Molecular Simulations

polymer we are developing code for the efficient simulation of polymers using standard tools of Molecular Mechanics and Molecular Dynamics. We are interested in optimization problems for various force-fields as well as for the use of Ab Initio quantum mechanical calculations. We are also interested in extending our toolbox to incorporate various biological problems like the diffusion of ions in cellular membrane pores.

Force Field Development

cellular Our group is developing a systematic approach for the generation of novel reliable force fields to use in molecular simulations. Quantum mechanical or fine-grained atomistic simulations of single molecules serve as a means to optimise the bonded parameters. Non-bonded interactions are harder to optimise and traditionally required resource-greedy trial-and-error simulations. However, faster approaches have been recently developed as an interesting example, the SAFT molecule-based Equation of States has been employed by the Molecular Systems Engineering Group at Imperial College London.

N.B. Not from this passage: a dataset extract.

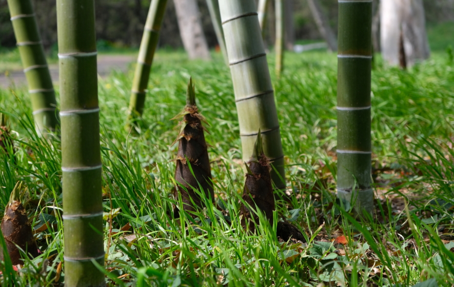 イネ科マダケ属。孟宗竹の原産は中国江南。渡来は16世紀中頃、江南から琉球王国へ、その後薩摩へ。江戸時代初期17世紀中頃薩摩から大阪・京都に渡り、全国に広まる。今では北海道を除く青森以南から沖縄まで分布。筍は地下茎から出る若い芽のことで、孟宗竹は大型で肉厚で柔らかく、 灰汁 が少なく、香りが高い。朝掘りは特に美味。生で食べられる。京都の筍は 乙訓 郡(向日市・長岡京市)の産で白子筍が有名。※筍は「夏の季語」で春に生え出るのを「春の筍」として区別。孟宗竹の旬は3月〜4月。

Our approach will be to incorporate that method, employing the SAFT molecule-based Equation of States, in a novel context, towards a force-field engine producing bespoke molecular models for specific systems regardless of their complexity.

Ab Initio Calculations

cellular Although molecular methods offer access to ever larger size and time scales, they are not capable of predicting properties that depend on the electronic configuration of materials. Such properties play a crucial role in a vast range of systems as semiconductors, photovoltaics, thermoelectric and piezoelectric and other electronic or energy harvesting applications. Chemical reaction kinetics, catalyst activity and other areas of interest to chemical industry also benefit from knowledge and understanding of matter at the quantum level. Our group is currently involved in projects related to the above areas. Also development of software libraries sitting on top of popular electronic calculation suites (VASP, Gaussian, QuantumEspresso, etc.) is under way, in order to automate ab initio computations of interesting properties.

Complex Systems

cellular Work in complex systems involves studies in the general theory of Automata with applications in Time Series inspired by the work of our colleague, Dr K. Karamanos. Lately we are expanding our previous work on Cellular Automata as models of complexity using notions from Coordinate Logic Theory based on the work of Dr K. Tsirikolias. Our efforts are towards a vast generalization of existing theory that will unify certain aspects of automata dynamics in the spirit of recent attempts by S. Wolfram. A more concise presentation reviewing our efforts is given in a presentation [PDF] A long term goal of the project is to find a new analog equivalent of digital processors as discussed in the following presentation [PPT]

Workshops

24-4-2015 25 - 6 - 2015 10 - 7 - 2015 Two talks at the Hellenic Institute of Aeronautics & Astronautics
  • Presentation of recent experimental indications for Scalar-Tensor Gravity by Jean-Paul Mbelek [PPT.PDF]
  • A possible alternative to the emdrive based on scalar-tensor gravity by T. E. Raptis [PPT.PDF]

Past Activities



We have also worked at times in areas like Skeletonization, Morphology and Image Processing as well as Cryptography where our late colleague Y. Bakopoulos has had some substantial contribution. We have an active interest in the general theory of dynamical systems and chaos and we often interact with the COSA group.